Luces en la oscuridad

Luces en la oscuridad

Luces en la oscuridad. Danny Vega Méndez. Escritor panameño. Cuento sobre la envidia. Cuentos infantiles.

En una laguna iluminada por el resplandor de la luna, se asomaba una pequeña y tímida luz parpadeante.

Es Doña luciérnaga, la cual junto a sus compañeras alumbran todo el lugar, llevando luz a todo el que necesite.

Don Lagarto y Don Sapo son los más feos del lugar, y quisieron hacerles una mala jugada a las pequeñas brillantes, pues no soportaban que ellas alumbraran de noche porque sentían que la noche podía esconder lo feo que eran. Así que las invitaron a un banquete para poder acabar con ellas.

No obstante, las Garzas se dieron cuenta del plan de los feos y, como buenas bochinchosa que son, le contaron a las Luciérnagas todo lo que sabían. Temerosas pensaron que sería su fin.

-Tranquilas porque aunque seamos diminutas, podemos volar y aún más: podemos alumbrar.

-Sí -Dijo una escéptica- pero ellos son más grandes.

-Nosotras somos más fuertes. ¿Y saben por qué? Porque nuestra verdadera fuerza viene de adentro -Dijo Doña Luciérnaga, la cual dio ánimo y comenzó a tramar un plan.

Al llegar al lugar convenido, estaba Don Sapo que se le hacía agua la boca pensando que el banquete sería para él. Sin embargo, las Luciérnagas venían a oscuras, solo alumbradas por pequeñas antorchas.

-¿Qué hacen con esas antorchitas? -Pregunto Don Lagarto.
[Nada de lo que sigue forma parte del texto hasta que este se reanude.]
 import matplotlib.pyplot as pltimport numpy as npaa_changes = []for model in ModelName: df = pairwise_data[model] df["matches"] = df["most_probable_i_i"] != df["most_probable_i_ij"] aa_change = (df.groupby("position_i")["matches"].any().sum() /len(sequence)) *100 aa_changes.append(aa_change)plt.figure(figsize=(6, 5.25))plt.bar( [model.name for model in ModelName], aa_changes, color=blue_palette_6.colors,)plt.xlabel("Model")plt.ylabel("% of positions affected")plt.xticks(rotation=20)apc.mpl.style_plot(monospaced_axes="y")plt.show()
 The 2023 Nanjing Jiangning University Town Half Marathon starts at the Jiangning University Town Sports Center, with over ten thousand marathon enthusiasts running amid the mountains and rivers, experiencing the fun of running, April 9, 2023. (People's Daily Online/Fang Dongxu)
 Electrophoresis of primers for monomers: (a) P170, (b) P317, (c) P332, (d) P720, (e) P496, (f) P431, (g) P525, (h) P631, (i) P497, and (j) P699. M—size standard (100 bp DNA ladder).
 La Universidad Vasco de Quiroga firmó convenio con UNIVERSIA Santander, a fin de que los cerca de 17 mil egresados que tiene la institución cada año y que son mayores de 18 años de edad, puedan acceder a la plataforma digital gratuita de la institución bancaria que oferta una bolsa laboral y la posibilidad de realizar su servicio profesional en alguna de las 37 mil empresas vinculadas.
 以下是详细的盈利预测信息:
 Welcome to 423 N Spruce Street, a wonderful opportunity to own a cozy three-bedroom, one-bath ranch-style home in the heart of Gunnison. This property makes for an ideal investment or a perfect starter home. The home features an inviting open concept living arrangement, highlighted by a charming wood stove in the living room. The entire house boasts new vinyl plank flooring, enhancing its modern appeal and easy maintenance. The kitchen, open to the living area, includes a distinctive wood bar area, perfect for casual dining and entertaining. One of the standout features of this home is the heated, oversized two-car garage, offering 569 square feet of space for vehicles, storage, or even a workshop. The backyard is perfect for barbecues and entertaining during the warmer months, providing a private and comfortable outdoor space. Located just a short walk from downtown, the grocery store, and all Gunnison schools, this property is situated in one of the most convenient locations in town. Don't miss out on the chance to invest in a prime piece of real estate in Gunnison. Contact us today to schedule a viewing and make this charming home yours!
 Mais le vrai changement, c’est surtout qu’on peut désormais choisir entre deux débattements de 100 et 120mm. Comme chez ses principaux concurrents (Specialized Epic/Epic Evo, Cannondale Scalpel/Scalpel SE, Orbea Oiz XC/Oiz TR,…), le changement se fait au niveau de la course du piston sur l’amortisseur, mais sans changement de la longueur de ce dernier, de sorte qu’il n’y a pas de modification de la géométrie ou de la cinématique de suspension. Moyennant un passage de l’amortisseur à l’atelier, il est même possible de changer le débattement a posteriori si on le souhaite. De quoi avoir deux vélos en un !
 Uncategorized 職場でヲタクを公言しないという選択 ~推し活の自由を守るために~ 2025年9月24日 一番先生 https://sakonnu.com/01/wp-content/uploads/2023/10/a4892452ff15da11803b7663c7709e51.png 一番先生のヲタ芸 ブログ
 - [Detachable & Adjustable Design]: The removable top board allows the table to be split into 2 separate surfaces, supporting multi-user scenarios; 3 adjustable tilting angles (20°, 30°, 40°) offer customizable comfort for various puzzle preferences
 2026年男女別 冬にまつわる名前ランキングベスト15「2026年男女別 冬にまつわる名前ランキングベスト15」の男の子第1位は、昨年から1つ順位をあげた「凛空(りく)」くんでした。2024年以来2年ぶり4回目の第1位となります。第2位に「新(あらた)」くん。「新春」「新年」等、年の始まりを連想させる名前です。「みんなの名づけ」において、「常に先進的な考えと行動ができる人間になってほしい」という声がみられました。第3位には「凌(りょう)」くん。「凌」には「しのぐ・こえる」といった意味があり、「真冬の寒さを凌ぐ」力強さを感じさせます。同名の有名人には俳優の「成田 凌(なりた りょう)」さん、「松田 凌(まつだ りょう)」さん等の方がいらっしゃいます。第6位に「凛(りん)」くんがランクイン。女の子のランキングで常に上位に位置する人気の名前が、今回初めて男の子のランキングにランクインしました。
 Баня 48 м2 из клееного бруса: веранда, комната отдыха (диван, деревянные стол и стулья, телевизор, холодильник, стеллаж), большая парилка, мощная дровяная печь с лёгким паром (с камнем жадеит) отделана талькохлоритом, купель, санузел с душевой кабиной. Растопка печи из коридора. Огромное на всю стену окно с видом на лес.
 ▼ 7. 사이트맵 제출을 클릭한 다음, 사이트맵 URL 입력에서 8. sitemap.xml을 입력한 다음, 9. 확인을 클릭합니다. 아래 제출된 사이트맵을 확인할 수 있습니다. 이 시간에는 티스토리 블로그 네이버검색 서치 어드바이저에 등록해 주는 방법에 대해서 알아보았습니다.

-Es que como no comemos lo mismo que ustedes, por eso decidimos traer nuestra propia cena.

Y así, hicieron la mueca de haberse comido todas las antorchitas, alumbrando de inmediato sus colas.

Fue tal el asombro que Don Sapo pensó en la indigestión que le daría cuando se comiera a las luciérnagas. Y hasta Don Lagarto pensó que todas juntas podrían quemarlo y a él le gusta asolearse pero no quemarse.

-Perdone mi imprudencia- Dijo- pero de pronto me he sentido muy mal.

Y Don Sapo se fue alejando dando fuertes y largos saltos. A su compañero no le quedó otra que sumergirse en el agua a esperar que la luz del fuego interno de las luciérnagas desapareciera.

Por ello, las luciérnagas vuelan bajo, tratando de alumbrar los rostros de los malvados Don Sapo y Don lagarto que se esconden para que nadie los vea de noche. Pero no pueden, porque a cada lugar que vayan siempre se encontrarán con una come fuego.